I agree, which is why I think using SPIN is confusing. It may have been less confusing when SPIN was standard, but now it just needs all the extra explanation of “we tacked endpoints onto empirical draws and used empirical SPIN so our summary includes 0”.

Rather than computing SPIN with SPIn, you used an empirical method for computing SPIN. Naming a method “SPIn” that computes SPIN was perhaps not the clearest choice. I’ll stick to “SPIN” for the theoretical notion of shortest posterior interval rather than its estimator.
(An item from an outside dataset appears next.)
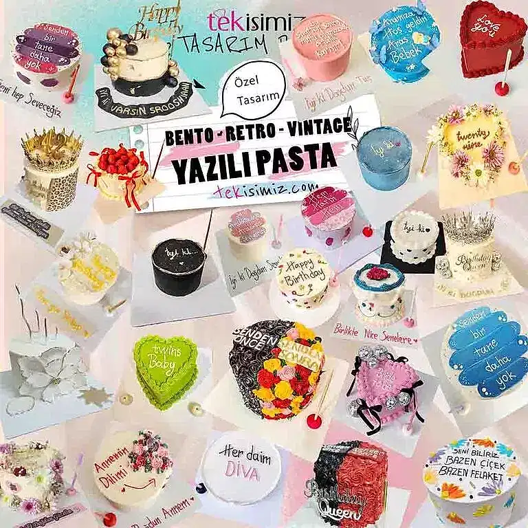 Yazılı Pasta (Bento, Retro, Vintage) | Özel Günler İçin Şık ve Lezzetli Tasarımlar

I thought SPIn just bootstrapped the sample and averaged the empirical interval boundaries (what the ML folks would call a “bagged” estimator for boostrap aggregation). If that’s the intended estimator, it should only be as broken as empirical SPIN.

SPIN itself isn’t well defined for uniform distributions. And they crop up inadvertently at the software level when doing what @yuling did to generate data. If we generate a sequence as @yuling proposes, by duplicating normal draws, we run into the uniformity problem whenever taking odd-sized SPINs

Suppose we get the following after sorting.

-0.60 -0.60 -0.53 -0.53 -0.47 -0.47 -0.46 -0.46  0.35  0.35

The empirical 30% SPIN here is (-0.47, -0.46), but it can be derived from subsequence (-0.47, -0.47, -0.46) or (-0.47, -0.46, -0.46). So the software needs to be careful.

I recommend we not talk about “SPIn” anymore, as this is a particular algorithm that appeared in one paper, and I don’t think the algorithm is so good, which is why I didn’t use it in our recent paper! And I say that even though I’m a coauthor of that SPIn paper.